While looking at the quantile computation, I have noticed that the quantile calculation does not match up with the calculations returned by numpy in python (can be considered as the reference).

There are 4 different ways to interpolate quantiles when one quantile does not land on an exact value: linear, lower, higher, midpoint, nearest. However it seems like neither of these matches with the way simple-statistics computes percentiles.

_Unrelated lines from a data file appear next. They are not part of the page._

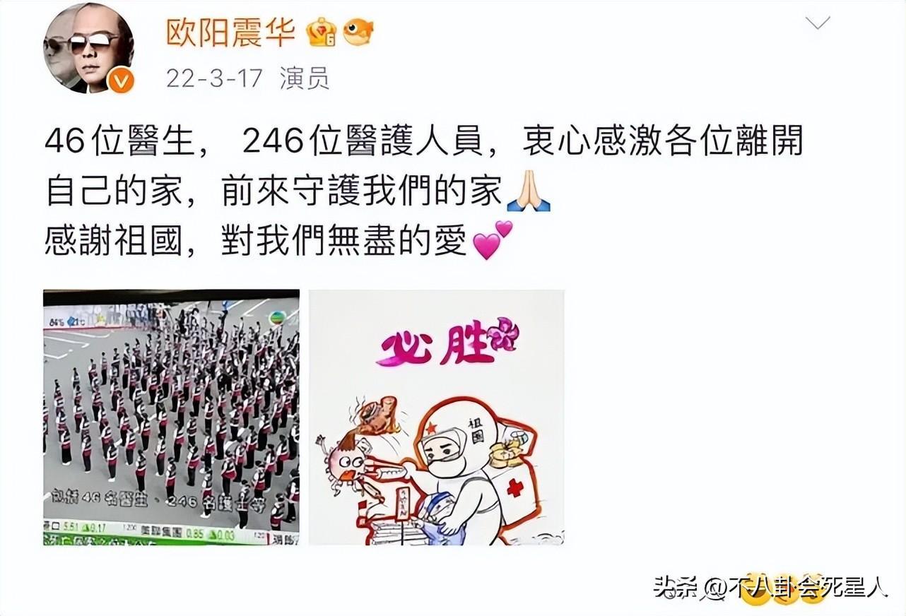 近些年歐陽震華已經步入老年,鮮少在熒幕上出現,但卻經常發佈博文,在特殊時期,他發博感謝醫護人員。
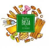 Makaron Baner szablon, Tradycyjne dania kuchni włoskiej, Menu żywności, Restauracja, Cafe Flyer, Karta, Biznes Promować ręcznie rysowane wektor Ilustracja
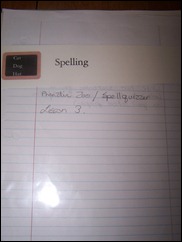 Our school is now ready to go by Sunday evening without me worrying over it. I have an assignment log ready for them in a page protector, that they mark off on the page protector, when I grade the assignment, I pull it out and mark their grade in the appropriate box. When the week is over, the grade/assignment record goes in the portfolio.
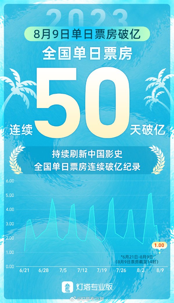 近日,灯塔专业版数据显示,截至8月9日14: 01,大市场票房破亿,全国票房连续50天破亿,连续刷新中国电影史上全国票房破亿纪录!
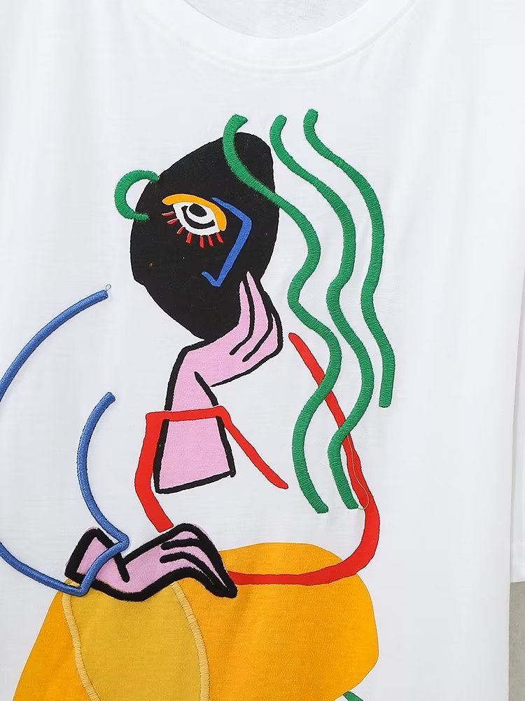 Women's Printing Color Contrast Round Neck Short Sleeve T-shirt
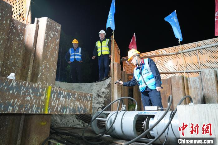 转体过程采用智能化牵引控制系统、数据采集系统,实现大桥转体速度精准控制,转体数据实时分析计算,推动大桥沿转体球铰以每分钟1度的角速度分别连续均衡逆时针旋转54.5度、61.5度,实现转体合龙精度毫米级控制。
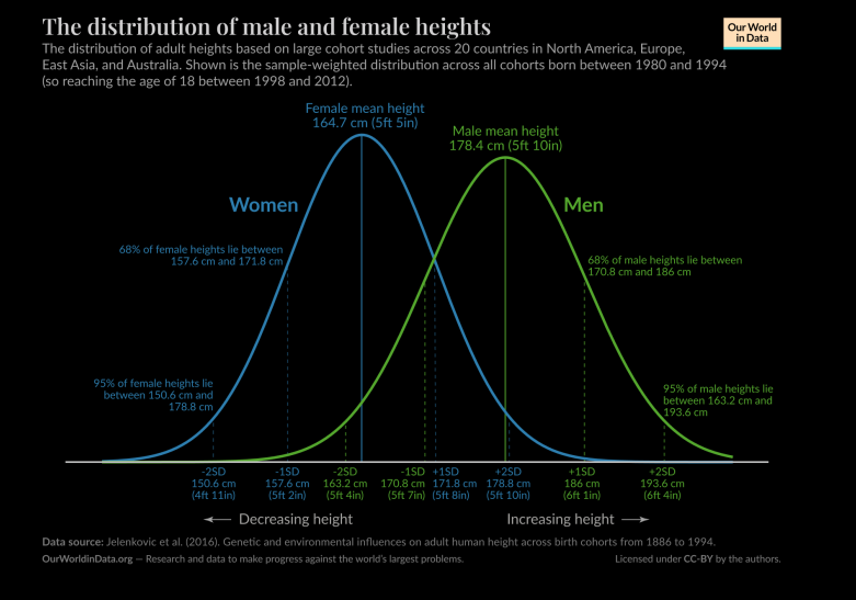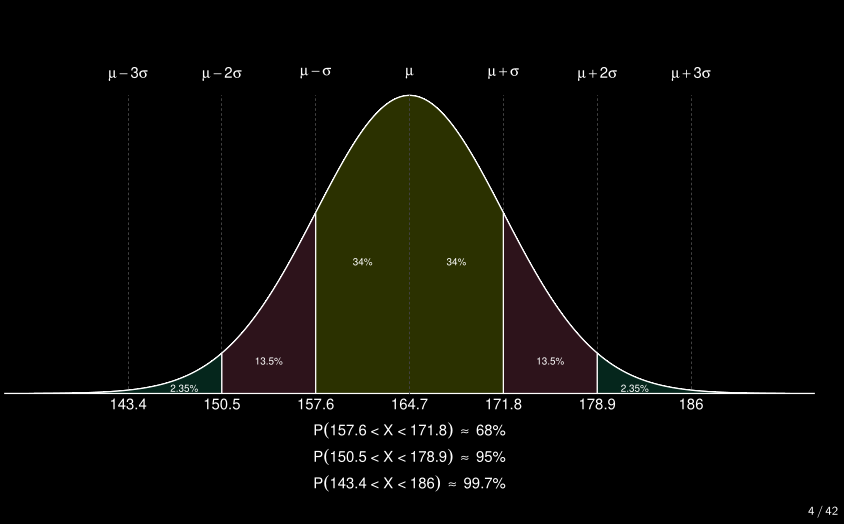 La hauteur des femmes en cm (dénotée X ) est distribuée normalement avec une espérance de 164.7 cm et un écart type de 7.1 cm:

Using data = [0, 0, 0.3, 1.2, 1.23, 3.5, 10, 12, 23.3, 32.1] and computing the 25th, median and 75th percentile we get:

  • simple-statistics: [ 0.3, 2.365, 12.0 ]
  • simple-statistics python implementation: [0.3, 1.23, 12]
  • numpy / linear: [ 0.525, 2.365, 11.5 ]
  • numpy / lower: [ 0.3, 1.23, 10.0 ]
  • numpy / higher: [ 1.2, 3.5, 12.0 ]
  • numpy / midpoint: [ 0.75, 2.365, 11.0 ]
  • numpy / nearest: [ 0.3, 1.23, 12.0 ]

For reproducibility, this is the code I used:

const ss = require('simple-statistics')

var data = [0, 0, 0.3, 1.2, 1.23,  3.5, 10, 12, 23.3, 32.1]
console.log(ss.quantile(data, [0.25, 0.5, 0.75]))
import numpy as np
import simplestatistics as ss

data = [0, 0, 0.3, 1.2, 1.23,  3.5, 10, 12, 23.3, 32.1]
for i in ['linear', 'lower', 'higher', 'midpoint', 'nearest']:
    print(i, np.percentile(data, [25, 50, 75], interpolation=i))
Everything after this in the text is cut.